North Korea denounces war games, but is still game for six-party talks

North Korea denounced joint US and South Korean exercises on Thursday in a volley of rhetoric that analysts believe was sure to increase regional tensions, but not fresh clashes.

North Korean Foreign Minister Pak Ui Chun, center, surrounded by Vietnamese security staff, gets in a limousine to leave the main venue of the ASEAN Regional Forum in Hanoi, Vietnam Thursday. North Korea is denouncing US-South Korean military exercises while saying they are ready to resume six-party talks.

Hoang Dinh Nam/AP Photo/Pool

July 22, 2010

At a time when North Korea is attempting to show it's ready to resume six-party talks on its nuclear weapons program, Pyongyang fired off a volley of rhetoric aimed at joint US and South Korean military exercises.

The denunciation, one day after the US announced new sanctions may increase regional tensions, say analysts, but does not mean fresh clashes are likely.

At the regional forum of the Association of Southeast Asian Nations (ASEAN) in the Vietnamese capital of Hanoi, North Korean spokesman Ri Tong-il characterized US and South Korea war games as “a grave threat to the peace and security not only of the Korean peninsula but of the region.”

While Mr. Ri’s tone was typical of North Korean denunciations of the annual US and South Korean exercises staged every spring, analysts fear North Korea may be using the war games to raise the temperature in the wake of the sinking of a South Korean navy ship in the Yellow Sea. The war games are slated to begin Sunday off South Korea's east coast.

"[North Korea sees] the exercises as a real danger,” says Kim Bum-soo, a scholar on international relations and editor of an influential conservative magazine. “If we carry out the exercises, North Korea needs to fly its own fighters, to take defensive measure," he advises.

But North Korea’s aging warplanes, mostly Russian-built MiGs, are not likely to go anywhere near the exercises. They remain grounded much of the time due to of a lack of fuel and spare parts.

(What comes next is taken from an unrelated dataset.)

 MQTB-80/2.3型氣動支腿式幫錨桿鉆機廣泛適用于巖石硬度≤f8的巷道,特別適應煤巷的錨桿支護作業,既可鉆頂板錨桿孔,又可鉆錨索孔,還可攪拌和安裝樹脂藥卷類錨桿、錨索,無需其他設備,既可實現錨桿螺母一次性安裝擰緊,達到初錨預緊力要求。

“I don’t think there will be retaliation in the near future,” says Mr. Kim, even though “the exercises will increase tensions.” He says he sees pressure against North Korea as building on the basis of “two-plus two talks” – that is, the meetings this week between Secretary of State Hillary Clinton and Defense Secretary Robert Gates and their South Korean counterparts in Seoul.

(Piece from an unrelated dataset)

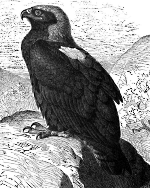 Орел-могильник (A. melanaetus) значительно меньше беркута. Основной цвет оперения старой птицы темный желто-бурый. Область распространения этого орла простирается от Венгрии до Китая.

North Korea appears to see those meetings, and the exercises, as the basis for revving up a diplomatic campaign intended to show its willingness to return to six-party talks on its nuclear weapons.

North Korea’s spokesman says the country would return to the talks on North Korea’s nuclear program, last held in Beijing in December 2008, if they were held on “an equal footing” with other participants. By “equal footing,” he said he meant that the UN Security Council should first do away with the sanctions – a goal that appeared to undermine chances of a resumption of talks in the near future.

Meanwhile, North Korea is making an effort to show it is ready to talk. For the second time in two weeks, colonels from the United States and North Korea are due to meet Friday at the truce village of Panmunjom to prepare for broader talks between generals.

It was at Panmunjom that the Korean War armistice was signed nearly 57 years ago, on July 27, 1953.

As the focus on North Korea gradually shifts from crisis to that of impending talks, or talks about talks, analysts are skeptical of any substantive results.

“They are going to exploit the situation,” says Lee Chang-choon, a retired ambassador who participated in negotiations with North Korea in the early 1990s. “They would take advantage of what has happened in the UN” – referring to the watered-down statement issued by the UN Security Council that failed to blame North Korea for the attack on the Cheonan in which 46 South Korean sailors were killed.

As for the North Korean spokesman’s statement at the forum of ASEAN, in which South Korea is also participating, Mr. Lee says, “This is actually nonsense.” Ri's comments "are just a media exercise.” Mr. Lee calls the ASEAN gathering, at which diplomats typically signal high-level policies, “a kind of diplomatic festival.”